-- AVAILABLE DATA follows --
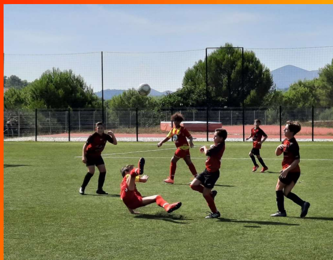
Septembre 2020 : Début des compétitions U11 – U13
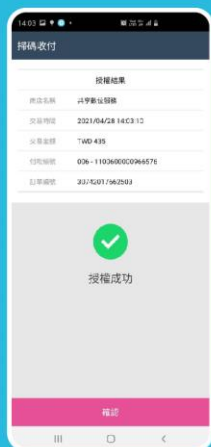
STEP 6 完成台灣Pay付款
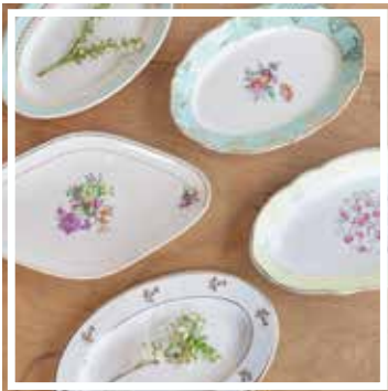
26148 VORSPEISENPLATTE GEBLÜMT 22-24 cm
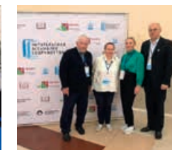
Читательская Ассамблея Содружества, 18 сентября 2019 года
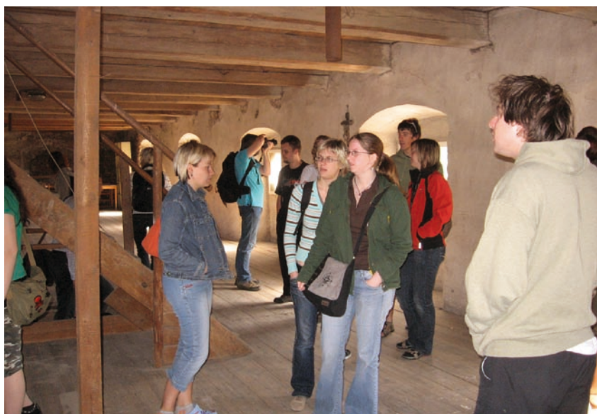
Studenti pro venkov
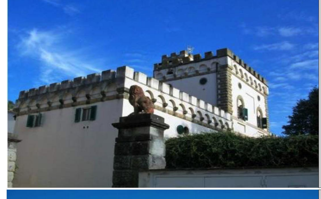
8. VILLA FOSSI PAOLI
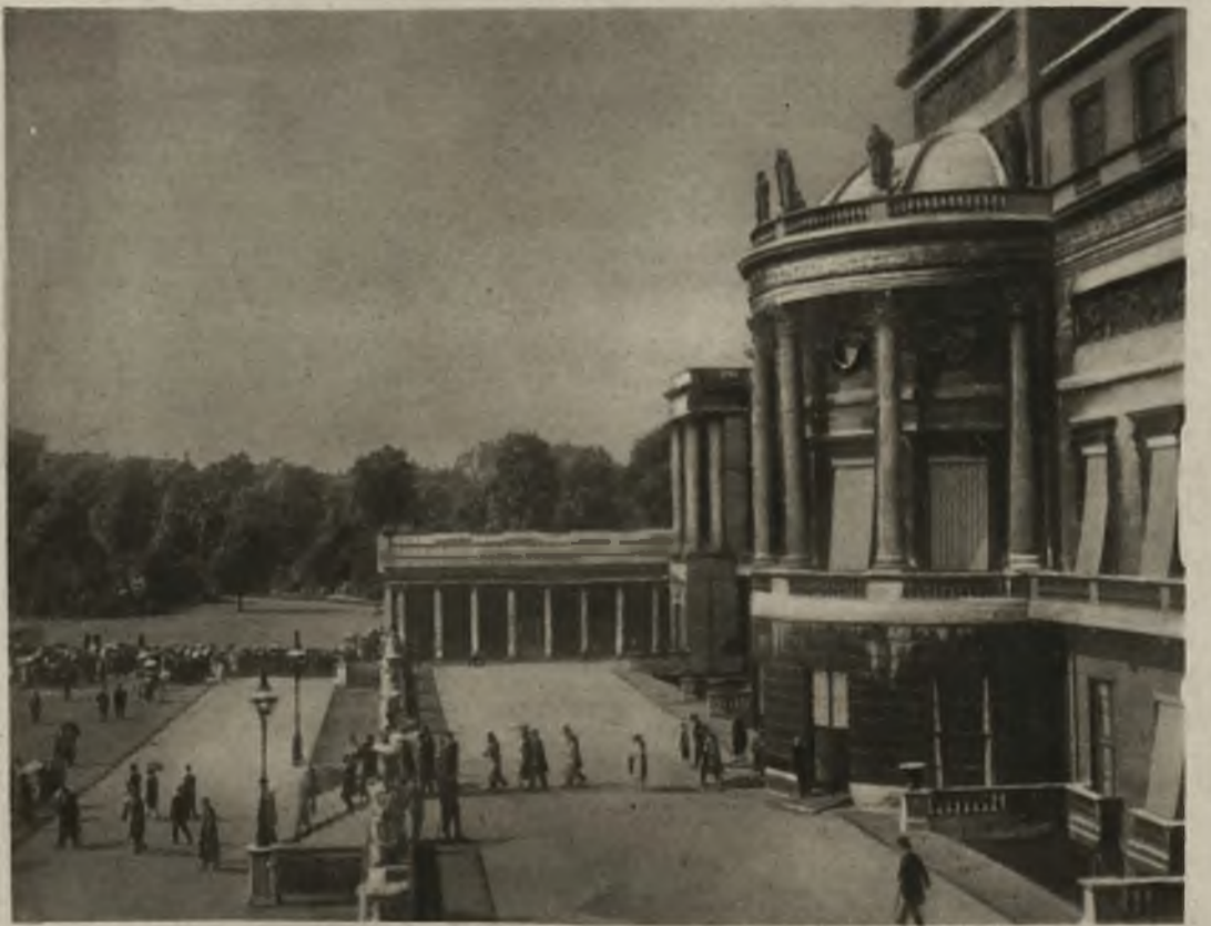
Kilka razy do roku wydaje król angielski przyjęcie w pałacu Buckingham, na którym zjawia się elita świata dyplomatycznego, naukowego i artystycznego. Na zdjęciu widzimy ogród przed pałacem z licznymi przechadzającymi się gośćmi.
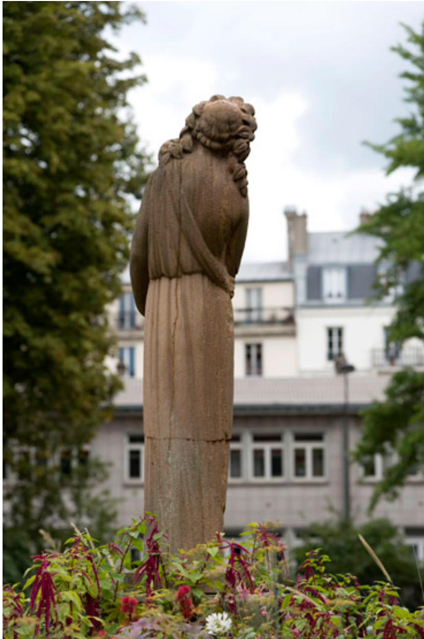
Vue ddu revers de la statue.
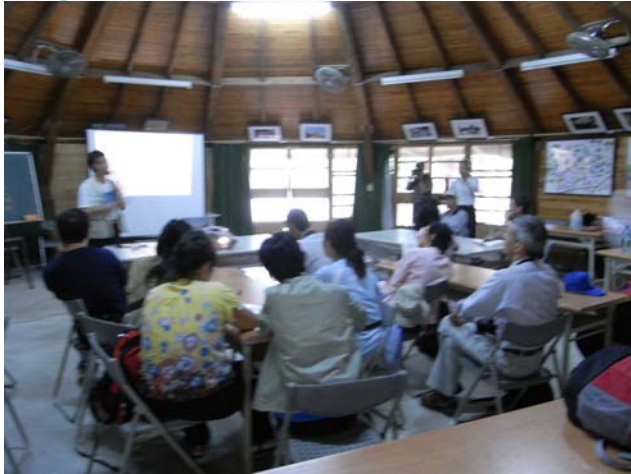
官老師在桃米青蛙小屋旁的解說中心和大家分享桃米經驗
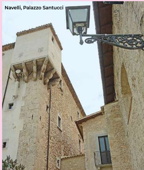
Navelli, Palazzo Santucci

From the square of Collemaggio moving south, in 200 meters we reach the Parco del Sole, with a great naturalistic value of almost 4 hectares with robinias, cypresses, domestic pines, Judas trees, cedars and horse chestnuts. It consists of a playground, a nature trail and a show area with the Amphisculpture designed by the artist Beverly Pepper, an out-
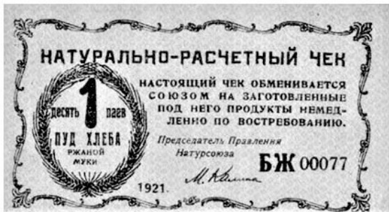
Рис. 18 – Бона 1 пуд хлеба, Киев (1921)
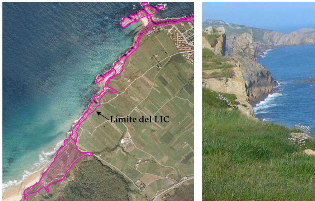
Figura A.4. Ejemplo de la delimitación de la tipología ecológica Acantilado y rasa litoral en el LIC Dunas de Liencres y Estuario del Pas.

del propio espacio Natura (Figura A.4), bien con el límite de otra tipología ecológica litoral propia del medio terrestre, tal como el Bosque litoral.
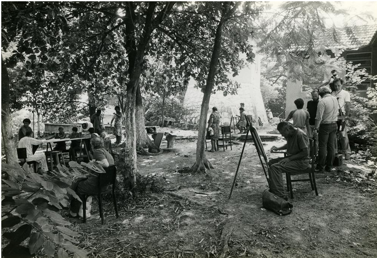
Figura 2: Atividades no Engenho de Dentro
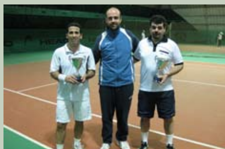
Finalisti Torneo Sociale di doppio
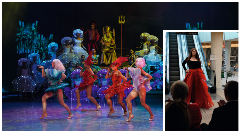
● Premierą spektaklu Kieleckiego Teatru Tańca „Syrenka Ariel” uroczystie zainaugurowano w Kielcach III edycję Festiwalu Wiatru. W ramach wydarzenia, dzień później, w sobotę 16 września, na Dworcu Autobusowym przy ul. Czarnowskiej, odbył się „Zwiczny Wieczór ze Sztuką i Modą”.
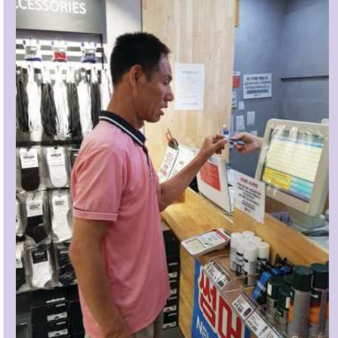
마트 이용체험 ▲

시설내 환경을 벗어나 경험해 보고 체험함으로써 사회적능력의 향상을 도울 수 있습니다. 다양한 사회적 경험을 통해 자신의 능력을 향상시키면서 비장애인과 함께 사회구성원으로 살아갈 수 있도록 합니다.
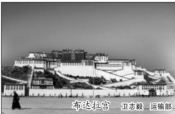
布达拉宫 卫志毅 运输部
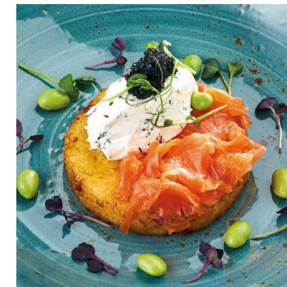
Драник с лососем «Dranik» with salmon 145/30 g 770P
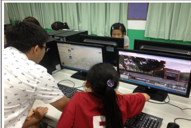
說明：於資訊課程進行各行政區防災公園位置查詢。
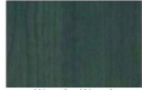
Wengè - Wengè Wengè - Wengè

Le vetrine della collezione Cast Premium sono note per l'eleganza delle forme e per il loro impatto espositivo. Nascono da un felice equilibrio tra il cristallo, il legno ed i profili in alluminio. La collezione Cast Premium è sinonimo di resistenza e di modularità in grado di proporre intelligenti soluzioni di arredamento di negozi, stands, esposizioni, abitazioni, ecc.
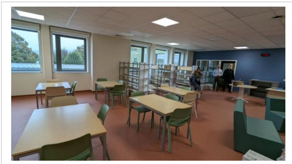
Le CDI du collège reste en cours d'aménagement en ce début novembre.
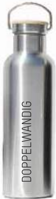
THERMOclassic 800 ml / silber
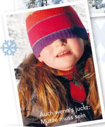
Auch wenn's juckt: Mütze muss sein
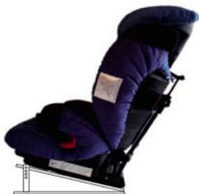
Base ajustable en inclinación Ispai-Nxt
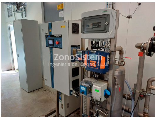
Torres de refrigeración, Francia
-- AVAILABLE DATA concluded --
Give the data above again, exactly, with every picture removed.

> EXPECTED ANSWER:
Septembre 2020 : Début des compétitions U11 – U13
STEP 6 完成台灣Pay付款
26148 VORSPEISENPLATTE GEBLÜMT 22-24 cm
Читательская Ассамблея Содружества, 18 сентября 2019 года
Studenti pro venkov
8. VILLA FOSSI PAOLI
Kilka razy do roku wydaje król angielski przyjęcie w pałacu Buckingham, na którym zjawia się elita świata dyplomatycznego, naukowego i artystycznego. Na zdjęciu widzimy ogród przed pałacem z licznymi przechadzającymi się gośćmi.
Vue ddu revers de la statue.
官老師在桃米青蛙小屋旁的解說中心和大家分享桃米經驗
Navelli, Palazzo Santucci

From the square of Collemaggio moving south, in 200 meters we reach the Parco del Sole, with a great naturalistic value of almost 4 hectares with robinias, cypresses, domestic pines, Judas trees, cedars and horse chestnuts. It consists of a playground, a nature trail and a show area with the Amphisculpture designed by the artist Beverly Pepper, an out-
Рис. 18 – Бона 1 пуд хлеба, Киев (1921)
Figura A.4. Ejemplo de la delimitación de la tipología ecológica Acantilado y rasa litoral en el LIC Dunas de Liencres y Estuario del Pas.

del propio espacio Natura (Figura A.4), bien con el límite de otra tipología ecológica litoral propia del medio terrestre, tal como el Bosque litoral.
Figura 2: Atividades no Engenho de Dentro
Finalisti Torneo Sociale di doppio
● Premierą spektaklu Kieleckiego Teatru Tańca „Syrenka Ariel” uroczystie zainaugurowano w Kielcach III edycję Festiwalu Wiatru. W ramach wydarzenia, dzień później, w sobotę 16 września, na Dworcu Autobusowym przy ul. Czarnowskiej, odbył się „Zwiczny Wieczór ze Sztuką i Modą”.
마트 이용체험 ▲

시설내 환경을 벗어나 경험해 보고 체험함으로써 사회적능력의 향상을 도울 수 있습니다. 다양한 사회적 경험을 통해 자신의 능력을 향상시키면서 비장애인과 함께 사회구성원으로 살아갈 수 있도록 합니다.
布达拉宫 卫志毅 运输部
Драник с лососем «Dranik» with salmon 145/30 g 770P
說明：於資訊課程進行各行政區防災公園位置查詢。
Wengè - Wengè Wengè - Wengè

Le vetrine della collezione Cast Premium sono note per l'eleganza delle forme e per il loro impatto espositivo. Nascono da un felice equilibrio tra il cristallo, il legno ed i profili in alluminio. La collezione Cast Premium è sinonimo di resistenza e di modularità in grado di proporre intelligenti soluzioni di arredamento di negozi, stands, esposizioni, abitazioni, ecc.
Le CDI du collège reste en cours d'aménagement en ce début novembre.
THERMOclassic 800 ml / silber
Auch wenn's juckt: Mütze muss sein
Base ajustable en inclinación Ispai-Nxt
Torres de refrigeración, Francia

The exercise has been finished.